▸ **WHAT YOU WILL DO**
Start at the first line below and write out everything verbatim except the pictures.

▸ **RECORDED INFORMATION**
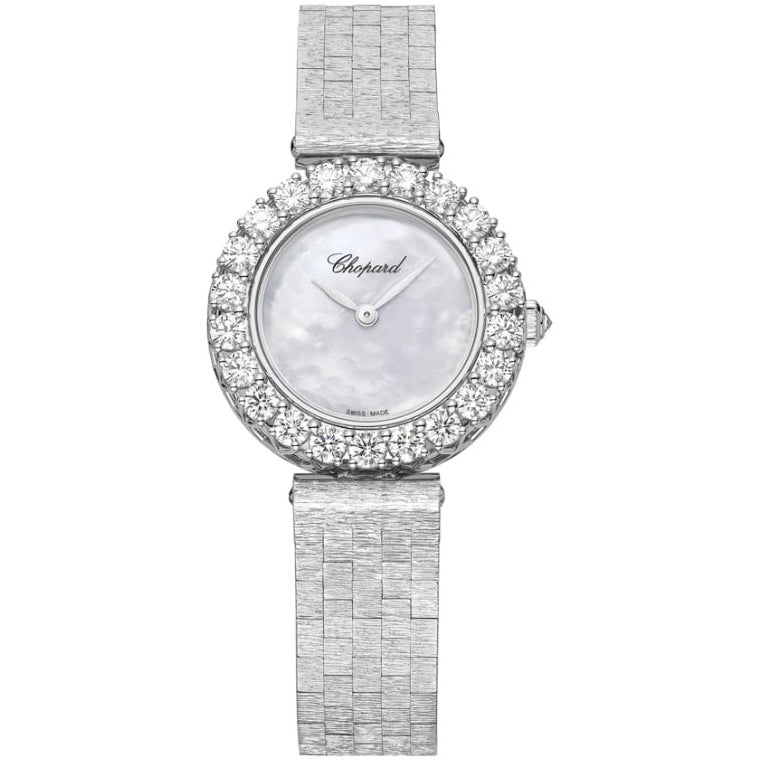Chopard 10A178-1101 L'Heure Du Diamant Cushion Ladies Watch. The 18kt white gold case features bezel & lugs adorned with 22 prong-set brilliant cut diamonds totaling approximately 2.20 carats, while the crown is embellished with a stunning briolette diamond weighing around 0.03 carats. The dial showcases a natural mother of pearl design complemented by polished hands, all powered by a manual winding movement boasting a power reserve of about 30 hours.
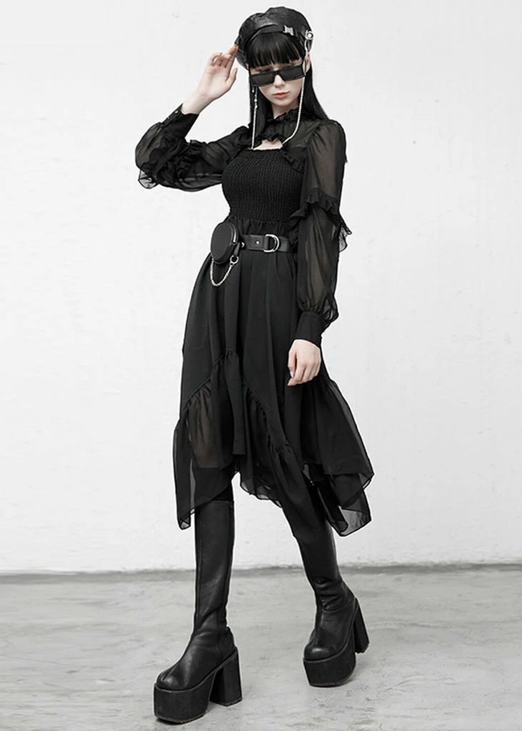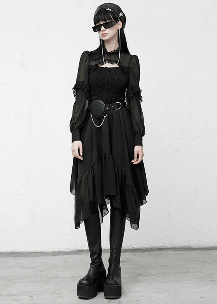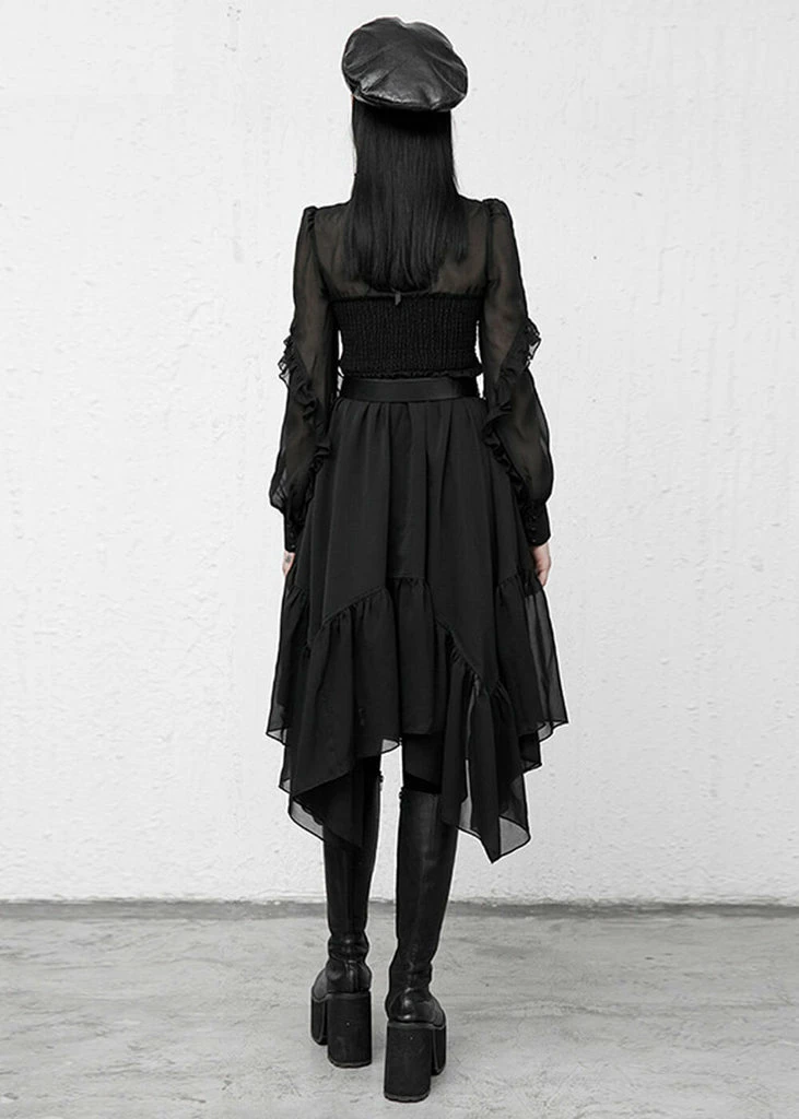 She does everything to make an impression: her semi-transparent chiffon returns at the puffy sleeves, and runs further over the bodice, which has a playful peekaboo.
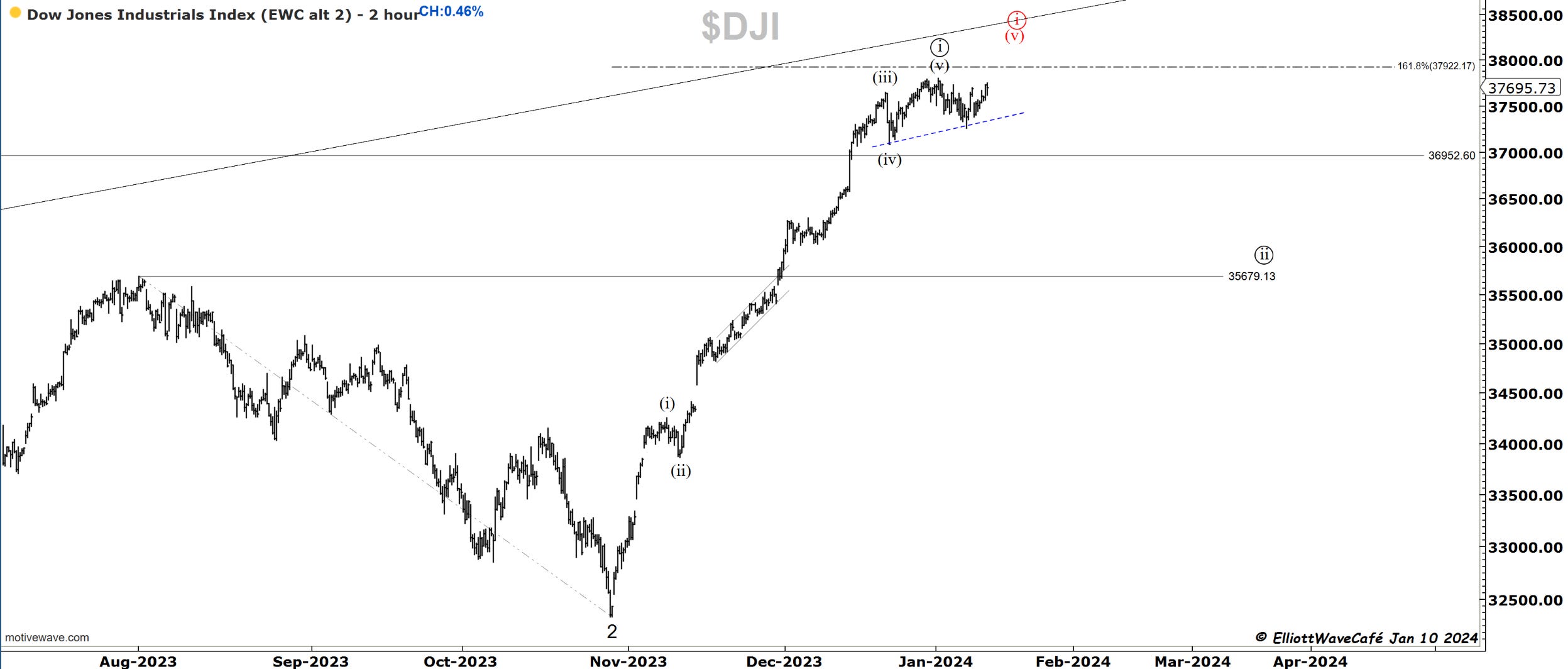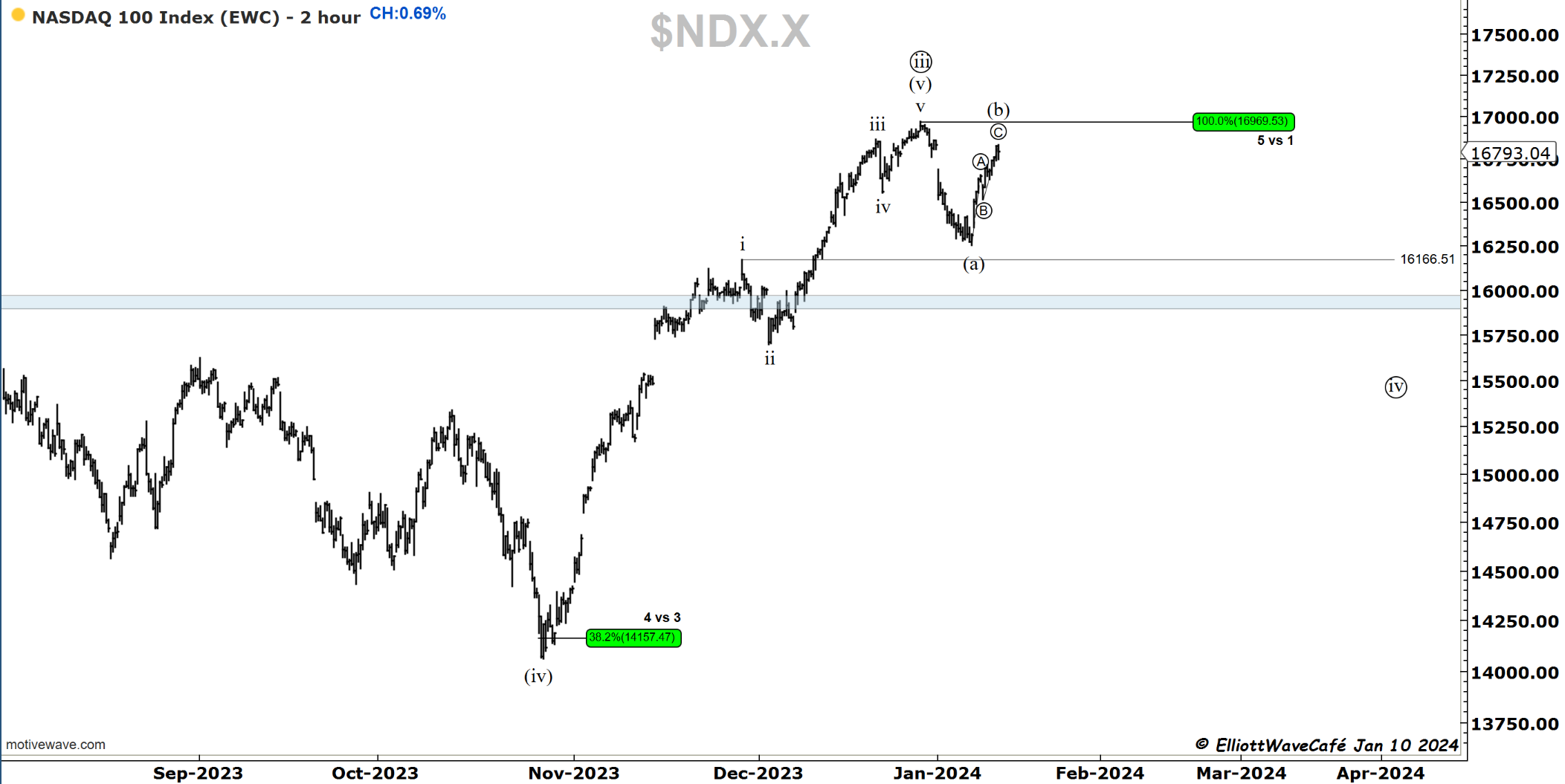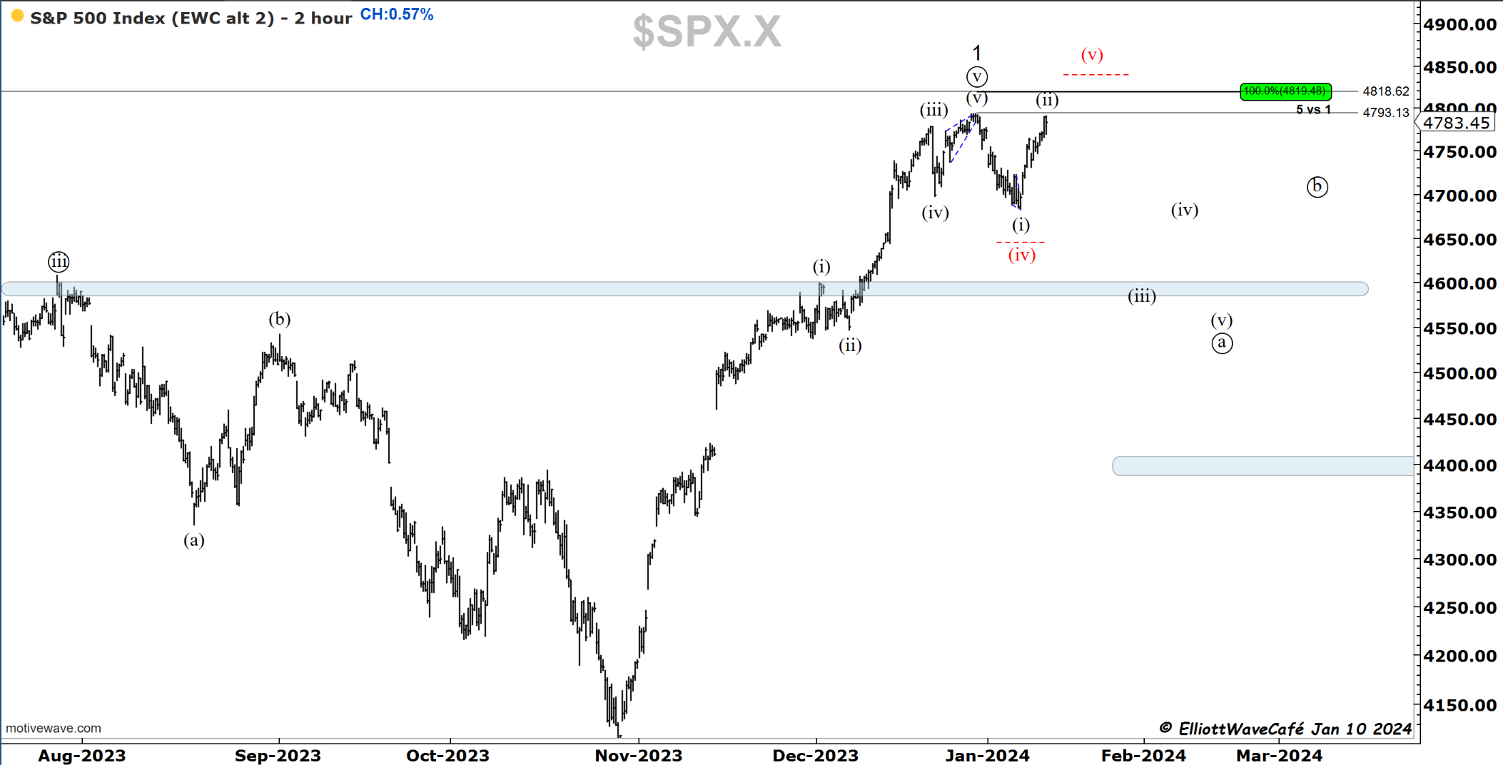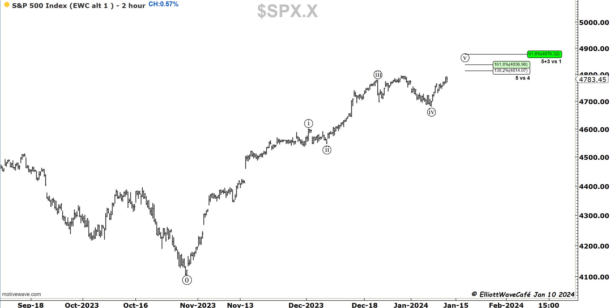 The session began on the timid side but accelerated higher as the day went on. We ended up near the end of Dec highs, putting my suggested count under pressure. As long as we stay below the top, the count is valid, but that does not make it a high confidence anymore. I have placed some alternate labels suggesting something I have discussed before. A larger wave (iv) with a (v) to come.
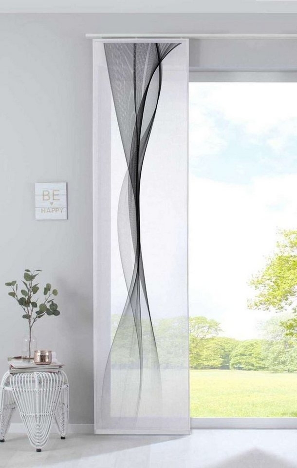 Halbtransparente Schiebegardine »Izmir« mit modernem Wellenmotiv in Schwarz. Diese feinfädige Gardine lässt reichlich Tageslicht in den Raum und bietet gleichzeitig Sichtschutz vor neugierigen Blicken sowie Schutz vor direkter Sonneneinstrahlung. Der Flächenvorhang wird inklusive Schiebepaneel und Beschwerungsstange geliefert und ist einfach mit Klettband zu befestigen. **Highlights** - Halbtransparent: Lässt Tageslicht durch und sorgt für eine angenehme Raumatmosphäre. - Sichtschutz: Schützt vor Blicken von außen. - Pflegeleicht: Waschbar bis 40 Grad. - Einfache Montage: Befestigung mit Klettband für unkomplizierte Handhabung. - Inklusive Beschwerungsstange: Sorgt für einen perfekten Fall des Vorhangs. **Produkteigenschaften** - Maße (HxB): 245 x 60 cm - Farbe: Welle Schwarz - Material: 100 % Polyester - Befestigung: Für Gardinenschienen oder Gardinenstangen mit Innenlauf geeignet - Pflege: Chlorfrei **Lieferumfang** - 1 Schiebevorhang mit Paneelwagen und Beschwerungsstange

▸ **YOUR SOLUTION**
Chopard 10A178-1101 L'Heure Du Diamant Cushion Ladies Watch. The 18kt white gold case features bezel & lugs adorned with 22 prong-set brilliant cut diamonds totaling approximately 2.20 carats, while the crown is embellished with a stunning briolette diamond weighing around 0.03 carats. The dial showcases a natural mother of pearl design complemented by polished hands, all powered by a manual winding movement boasting a power reserve of about 30 hours.
 She does everything to make an impression: her semi-transparent chiffon returns at the puffy sleeves, and runs further over the bodice, which has a playful peekaboo.
 The session began on the timid side but accelerated higher as the day went on. We ended up near the end of Dec highs, putting my suggested count under pressure. As long as we stay below the top, the count is valid, but that does not make it a high confidence anymore. I have placed some alternate labels suggesting something I have discussed before. A larger wave (iv) with a (v) to come.
 Halbtransparente Schiebegardine »Izmir« mit modernem Wellenmotiv in Schwarz. Diese feinfädige Gardine lässt reichlich Tageslicht in den Raum und bietet gleichzeitig Sichtschutz vor neugierigen Blicken sowie Schutz vor direkter Sonneneinstrahlung. Der Flächenvorhang wird inklusive Schiebepaneel und Beschwerungsstange geliefert und ist einfach mit Klettband zu befestigen. **Highlights** - Halbtransparent: Lässt Tageslicht durch und sorgt für eine angenehme Raumatmosphäre. - Sichtschutz: Schützt vor Blicken von außen. - Pflegeleicht: Waschbar bis 40 Grad. - Einfache Montage: Befestigung mit Klettband für unkomplizierte Handhabung. - Inklusive Beschwerungsstange: Sorgt für einen perfekten Fall des Vorhangs. **Produkteigenschaften** - Maße (HxB): 245 x 60 cm - Farbe: Welle Schwarz - Material: 100 % Polyester - Befestigung: Für Gardinenschienen oder Gardinenstangen mit Innenlauf geeignet - Pflege: Chlorfrei **Lieferumfang** - 1 Schiebevorhang mit Paneelwagen und Beschwerungsstange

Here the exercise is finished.